» Record extracts:
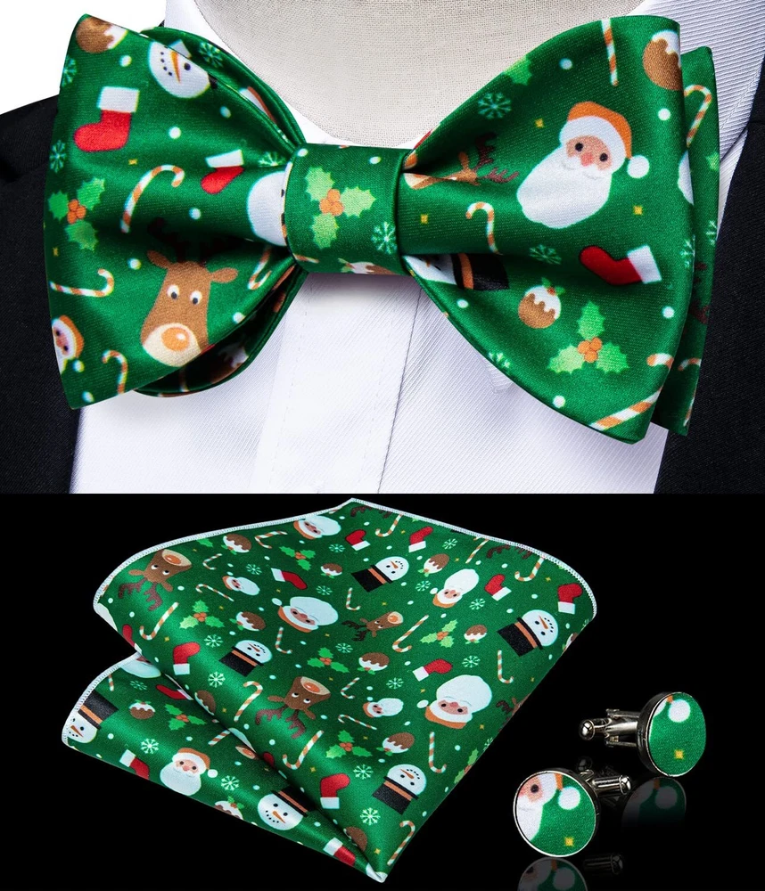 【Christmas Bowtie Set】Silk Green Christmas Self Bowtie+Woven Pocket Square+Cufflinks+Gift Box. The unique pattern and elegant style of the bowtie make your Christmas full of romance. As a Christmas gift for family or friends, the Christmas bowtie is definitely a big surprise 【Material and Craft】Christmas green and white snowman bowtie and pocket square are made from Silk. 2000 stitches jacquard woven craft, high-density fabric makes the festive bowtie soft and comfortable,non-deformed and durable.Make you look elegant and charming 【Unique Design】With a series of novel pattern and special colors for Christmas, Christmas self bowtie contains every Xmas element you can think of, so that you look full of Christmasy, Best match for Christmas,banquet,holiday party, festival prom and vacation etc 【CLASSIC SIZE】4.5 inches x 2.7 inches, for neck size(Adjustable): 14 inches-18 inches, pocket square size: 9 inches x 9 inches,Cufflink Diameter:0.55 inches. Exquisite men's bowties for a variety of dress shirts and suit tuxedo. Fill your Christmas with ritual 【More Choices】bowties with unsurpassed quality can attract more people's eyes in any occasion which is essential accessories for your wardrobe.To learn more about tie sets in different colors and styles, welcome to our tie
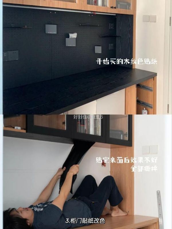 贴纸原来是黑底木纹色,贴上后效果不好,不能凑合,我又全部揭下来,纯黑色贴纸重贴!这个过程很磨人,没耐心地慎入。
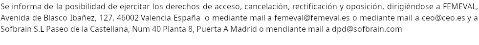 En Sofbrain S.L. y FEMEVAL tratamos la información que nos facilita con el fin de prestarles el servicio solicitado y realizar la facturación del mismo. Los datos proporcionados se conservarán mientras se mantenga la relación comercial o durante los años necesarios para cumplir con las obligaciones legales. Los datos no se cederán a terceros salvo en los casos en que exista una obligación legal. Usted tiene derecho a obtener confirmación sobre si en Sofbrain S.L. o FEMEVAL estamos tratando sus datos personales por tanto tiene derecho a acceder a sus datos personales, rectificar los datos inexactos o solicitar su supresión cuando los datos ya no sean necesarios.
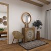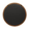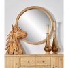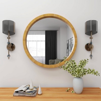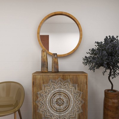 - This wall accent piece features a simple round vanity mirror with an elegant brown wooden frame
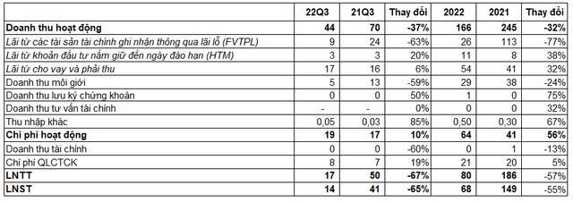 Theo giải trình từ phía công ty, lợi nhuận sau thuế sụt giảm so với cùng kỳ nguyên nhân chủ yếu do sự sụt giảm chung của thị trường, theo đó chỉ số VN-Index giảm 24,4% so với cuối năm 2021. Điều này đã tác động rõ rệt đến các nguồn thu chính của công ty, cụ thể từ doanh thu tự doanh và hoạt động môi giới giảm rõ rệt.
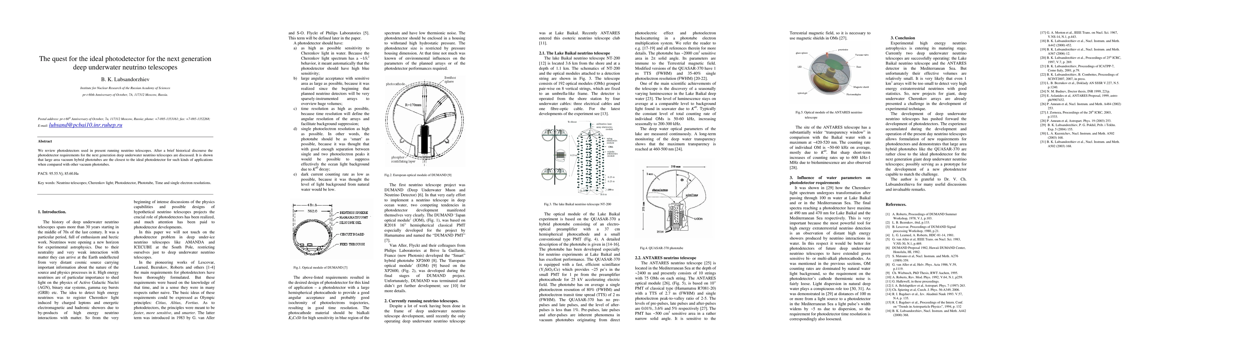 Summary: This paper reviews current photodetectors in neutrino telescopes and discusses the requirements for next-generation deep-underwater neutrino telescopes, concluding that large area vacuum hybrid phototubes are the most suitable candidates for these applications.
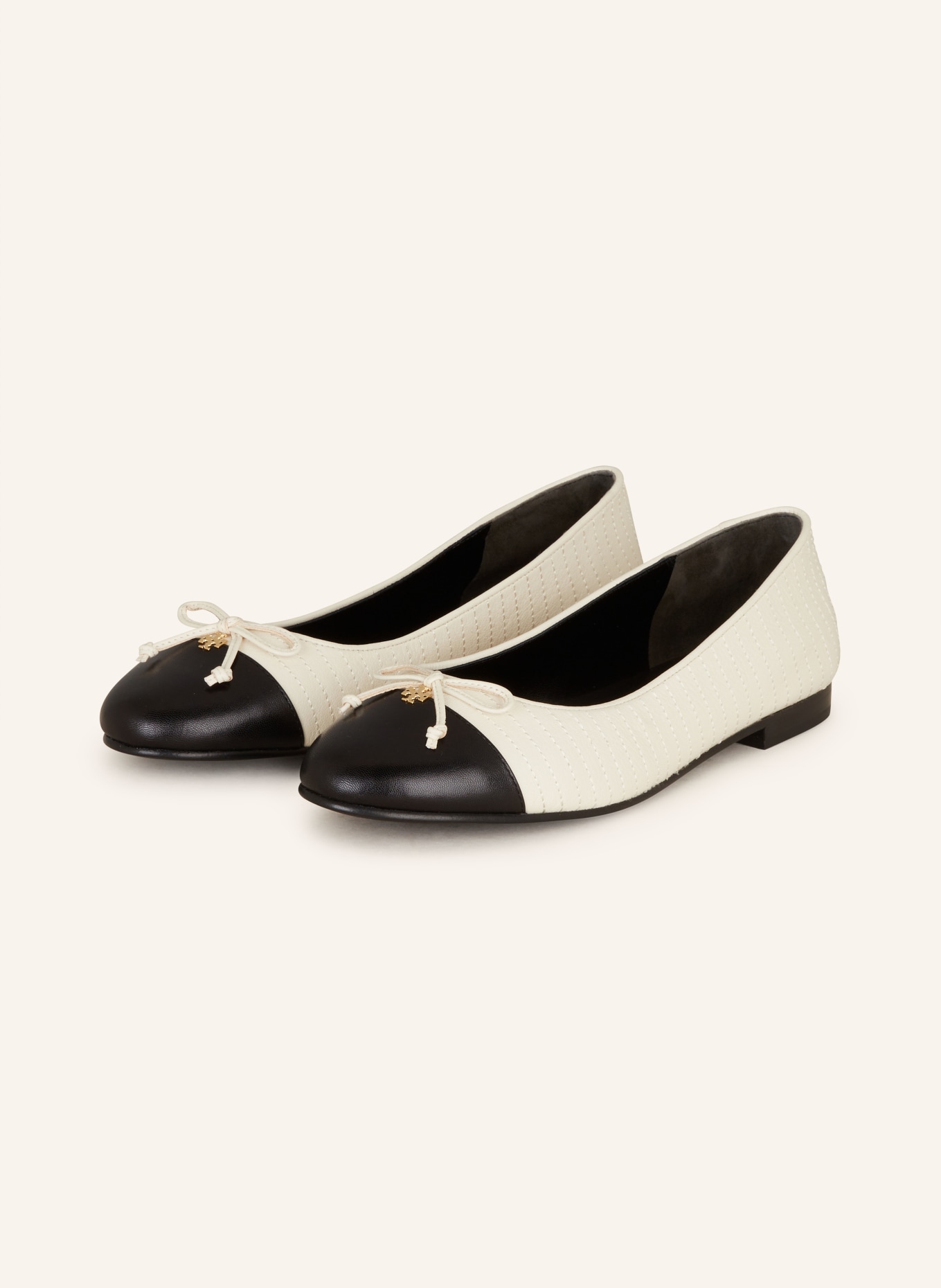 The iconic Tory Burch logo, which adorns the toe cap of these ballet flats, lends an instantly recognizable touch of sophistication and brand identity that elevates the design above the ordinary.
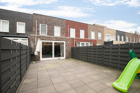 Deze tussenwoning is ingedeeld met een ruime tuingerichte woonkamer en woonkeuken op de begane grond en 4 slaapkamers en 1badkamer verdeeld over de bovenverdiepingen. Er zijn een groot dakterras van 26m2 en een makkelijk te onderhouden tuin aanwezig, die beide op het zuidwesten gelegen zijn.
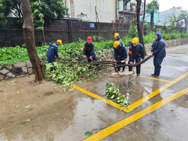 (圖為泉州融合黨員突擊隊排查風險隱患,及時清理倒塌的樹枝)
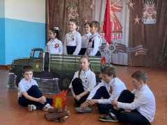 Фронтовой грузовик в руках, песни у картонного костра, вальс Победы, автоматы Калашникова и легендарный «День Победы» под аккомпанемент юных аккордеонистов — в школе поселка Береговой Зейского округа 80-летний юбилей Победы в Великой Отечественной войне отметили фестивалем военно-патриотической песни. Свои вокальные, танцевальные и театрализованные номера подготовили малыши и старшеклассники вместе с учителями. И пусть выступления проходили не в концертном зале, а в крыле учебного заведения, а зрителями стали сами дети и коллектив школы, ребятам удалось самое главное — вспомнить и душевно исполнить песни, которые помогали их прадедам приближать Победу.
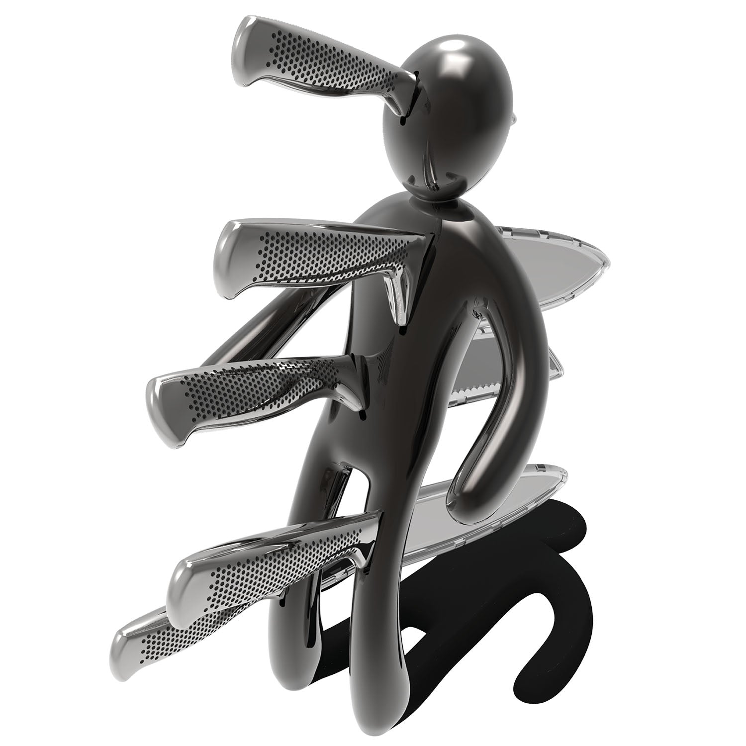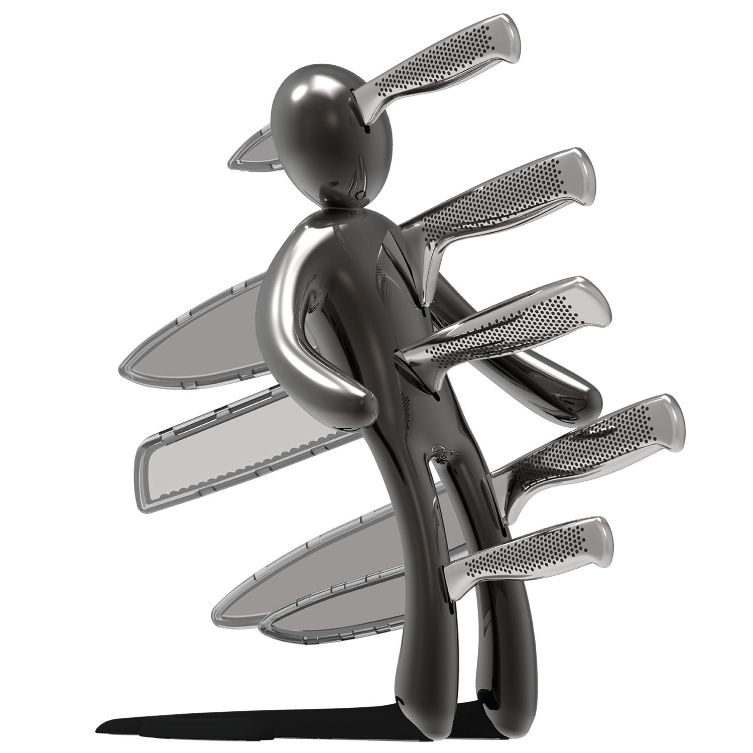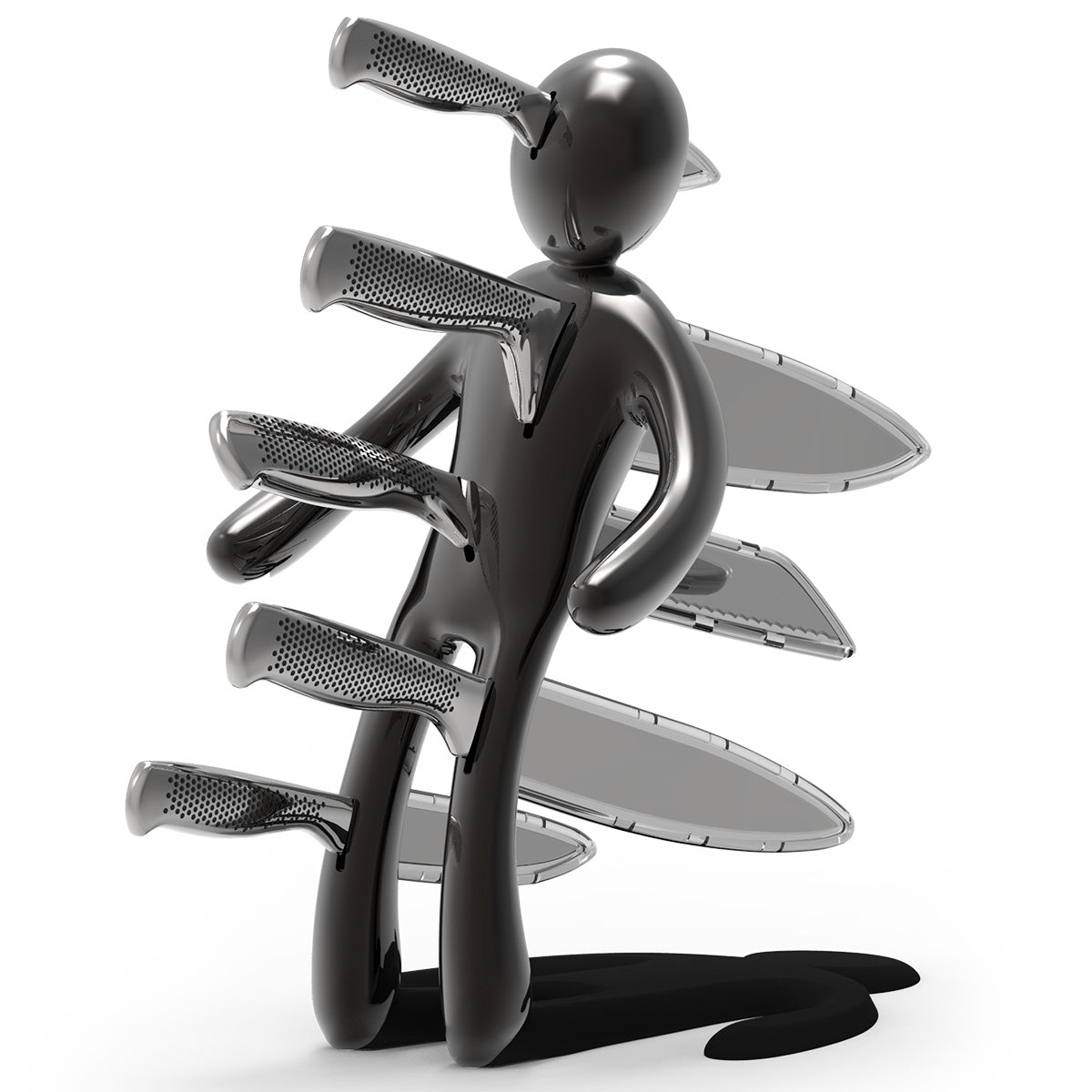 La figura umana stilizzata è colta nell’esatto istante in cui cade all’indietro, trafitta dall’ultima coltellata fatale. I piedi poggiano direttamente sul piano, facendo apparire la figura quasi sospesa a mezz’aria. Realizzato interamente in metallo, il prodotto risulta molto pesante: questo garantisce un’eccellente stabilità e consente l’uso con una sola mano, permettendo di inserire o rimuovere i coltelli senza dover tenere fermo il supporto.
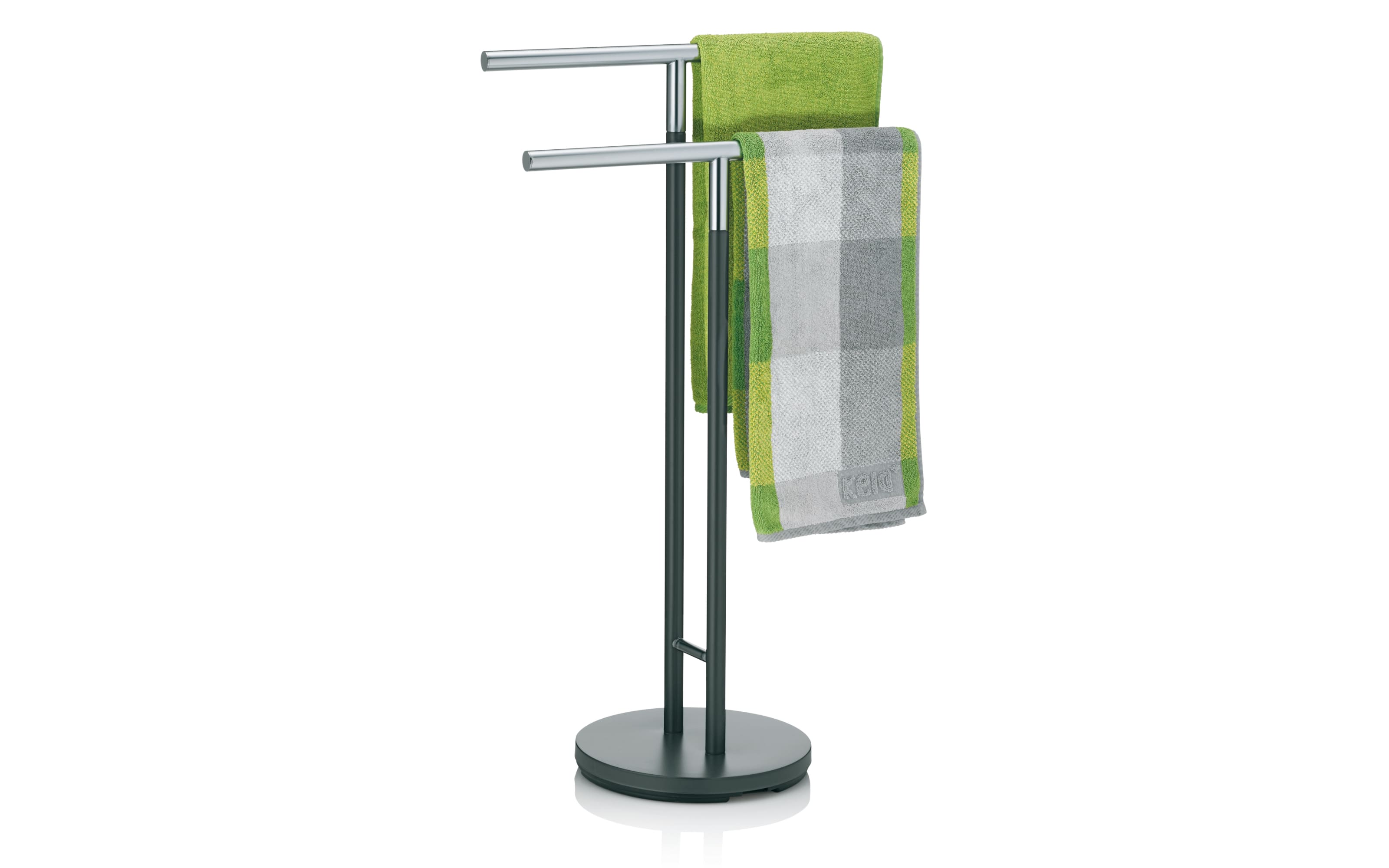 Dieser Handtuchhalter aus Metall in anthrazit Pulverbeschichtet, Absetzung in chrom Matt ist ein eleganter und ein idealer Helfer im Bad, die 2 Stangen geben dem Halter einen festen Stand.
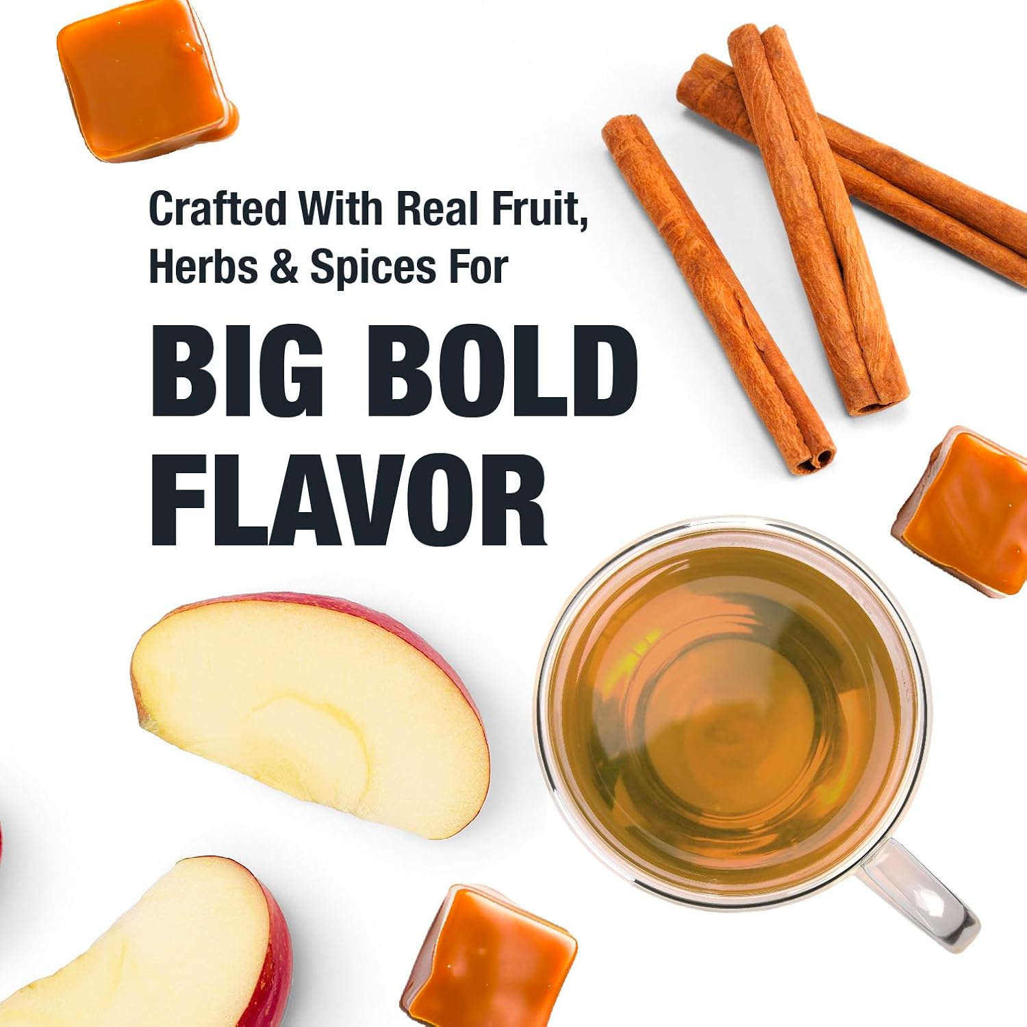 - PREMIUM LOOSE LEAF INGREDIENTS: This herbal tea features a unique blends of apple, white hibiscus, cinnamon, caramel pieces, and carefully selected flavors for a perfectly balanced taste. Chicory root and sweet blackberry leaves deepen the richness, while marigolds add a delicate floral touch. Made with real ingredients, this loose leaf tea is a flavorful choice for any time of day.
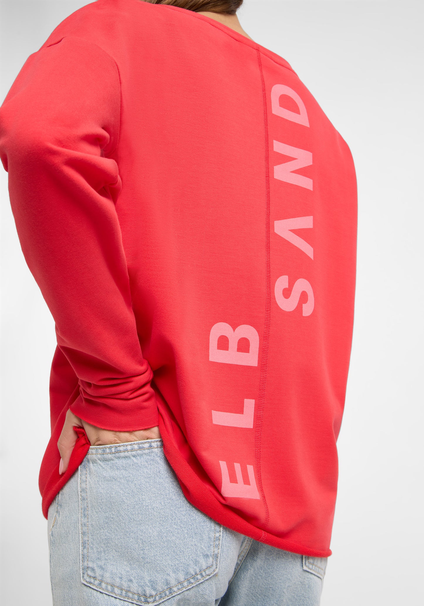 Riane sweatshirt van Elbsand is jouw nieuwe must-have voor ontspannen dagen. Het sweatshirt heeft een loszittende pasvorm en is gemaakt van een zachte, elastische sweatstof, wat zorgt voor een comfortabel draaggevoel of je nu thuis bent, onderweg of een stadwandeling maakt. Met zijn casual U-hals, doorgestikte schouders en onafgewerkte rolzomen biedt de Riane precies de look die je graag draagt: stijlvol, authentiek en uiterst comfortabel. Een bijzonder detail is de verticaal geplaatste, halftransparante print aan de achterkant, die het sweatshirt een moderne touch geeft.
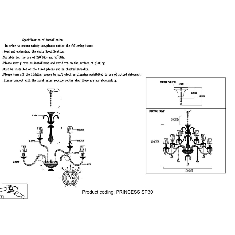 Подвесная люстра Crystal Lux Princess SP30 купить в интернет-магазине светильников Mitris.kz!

» Required action: In the listing above, find the line holding "(圖為泉州融合黨員突擊隊排查風險隱患,及時清理倒塌的樹枝)" and the line holding "Фронтовой грузовик в". Reproduce those two lines and all between them exactly, leaving out pictures.

» The answer:
 (圖為泉州融合黨員突擊隊排查風險隱患,及時清理倒塌的樹枝)
 Фронтовой грузовик в руках, песни у картонного костра, вальс Победы, автоматы Калашникова и легендарный «День Победы» под аккомпанемент юных аккордеонистов — в школе поселка Береговой Зейского округа 80-летний юбилей Победы в Великой Отечественной войне отметили фестивалем военно-патриотической песни. Свои вокальные, танцевальные и театрализованные номера подготовили малыши и старшеклассники вместе с учителями. И пусть выступления проходили не в концертном зале, а в крыле учебного заведения, а зрителями стали сами дети и коллектив школы, ребятам удалось самое главное — вспомнить и душевно исполнить песни, которые помогали их прадедам приближать Победу.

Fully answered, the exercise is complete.